日本のモータースポーツ発展に貢献したレジェンドのひとり
3月16日、元2輪の世界GPライダーで、4輪に転向後は日産のワークスドライバーとして活躍した、高橋国光さんが亡くなった。享年82歳。ご冥福をお祈りします。
高橋国光さん、いやここでは国さんと呼ばせてもらうことにして、その名は、日産ワークス時代から印象が強くなっている。そして振り返る格好で、2輪時代の活躍もわかってきた。

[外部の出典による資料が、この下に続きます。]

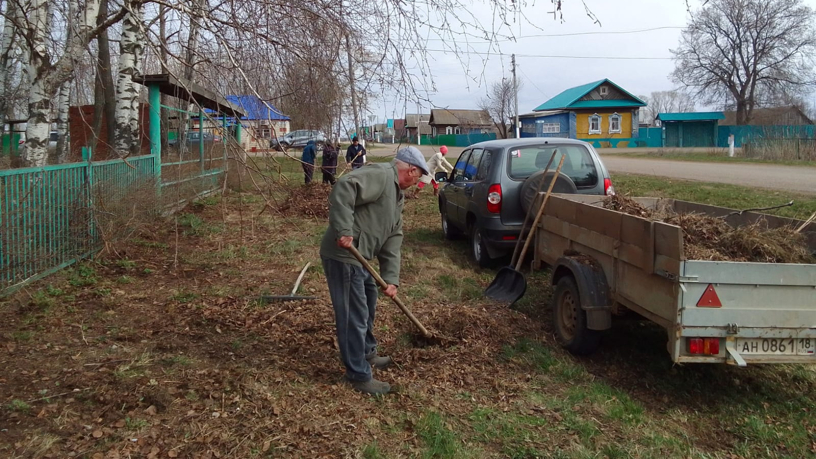 Балалар бакчасы территориясен җыештырдылар. Иске Эсләк авылы урамнары.

日産ワークス時代には“無冠の帝王”と呼ばれ、三羽ガラスの北野 元さんや黒澤元治さんが日本グランプリなどのビッグレースで優勝を飾っていくのに対して、その速さと強さは誰もが認めるところだったが、何故かタイトルには縁がなかった。けれどもドライバーの評価としては高いままで、誰もがその存在を認めていた。

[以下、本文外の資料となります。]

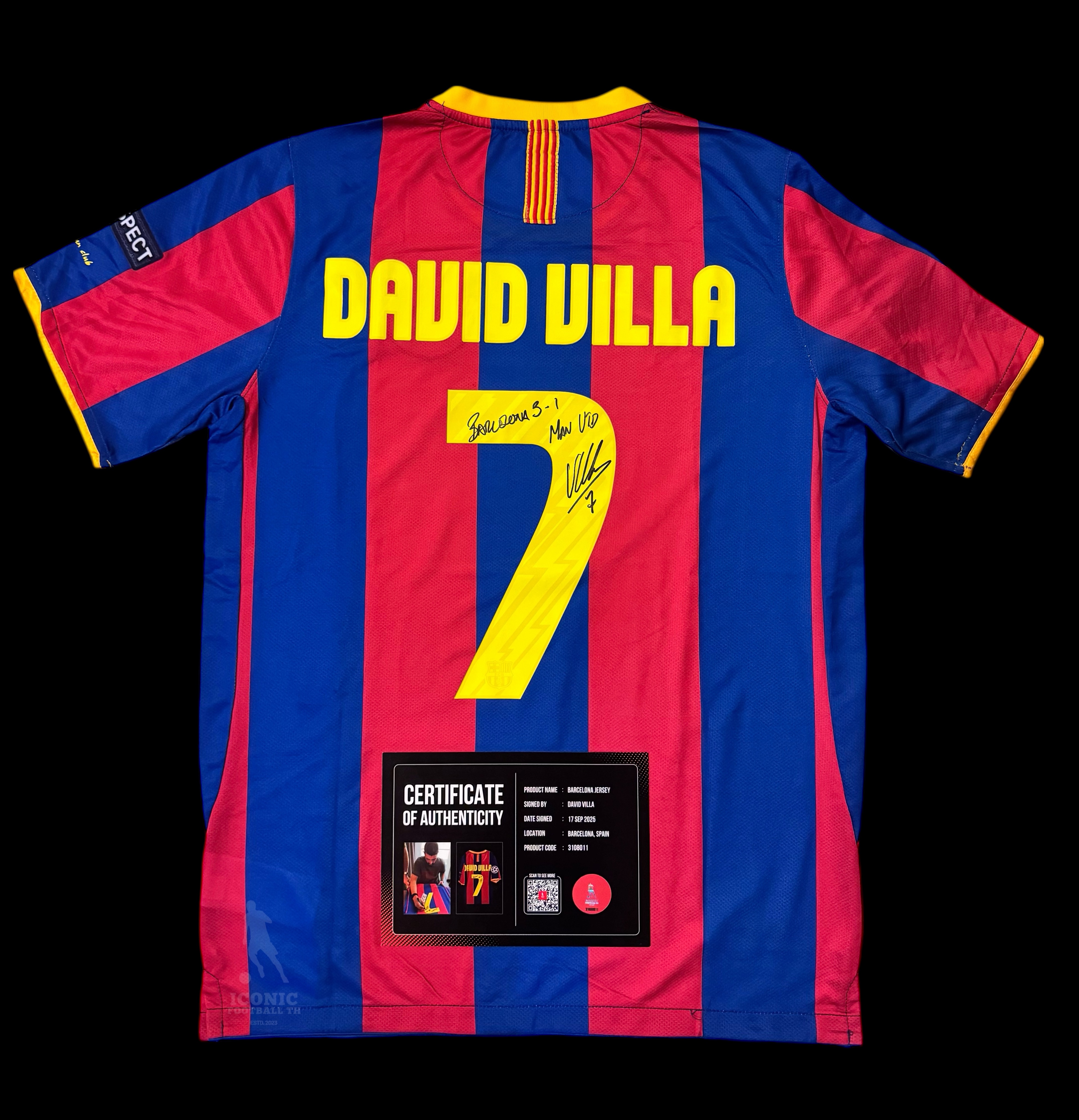 เสื้อ Barcelona Retro Signed by David Villa มาพร้อมข้อความพิเศษ: “Barcelona 3-1 Man UTD"

高校生のころからモータースポーツ専門誌の地方レポーターとしてサーキット通いを続けていて、初めて国さんと会話したのは大学で6回目の新学期を迎えた春先のことだった。
西日本サーキット(のちに美祢サーキットと改名)で初のF2レースが開催され、そのメインのレースは今宮 純さんがレポートを担当していて、学生地方レポーターはサポートレースの担当だった。土曜日の予選終了後、今宮さんと国さんをホテルまで送っていくことになり、今宮さんに勧められてMy Civicを国さんにドライブしてもらったことがあった。ガチガチに緊張していたから、会話の内容などは覚えていないのだが、「ホンダらしく気持ちのいいエンジンだね」と褒めてもらったことだけは強烈に記憶している。
話は40年ほど時空を飛び越す。富士スピードウェイで開催されたSUPER GTを取材に行く際、東名でゆったり走っているホンダ・レジェンドを追い越したら、じつはそれが国さんのクルマだったことが、のちにパドックで談笑していて発覚。ビートをかっ飛ばしていたことを知られ赤面至極だったが、国さんは「気持ちよかったでしょう、ホンダの小さいクルマって楽しいよね」といつもの笑顔で話してくれ、気恥ずかしさも少し薄れていった。
もちろん、プライベートのクルマ事情だけでなく、本業の方でも大変お世話になった。何度も何度も、もう数えきれないくらい取材させてもらったが、いつも笑顔で対応してくれて、取材後には、こういう大人になりたいなぁ、と想うのが常だった。
まだ一報しか聞いてなくて、詳細な情報もないままに、国さんの追悼記を書いている自分を情けないとは思うのだが、国さんだったら「頑張って仕事するんだよ」と優しくはっぱをかけてもらえそうな気がする。国さん、本当にお疲れさまでした。これからも、雲の上から見守っていてください。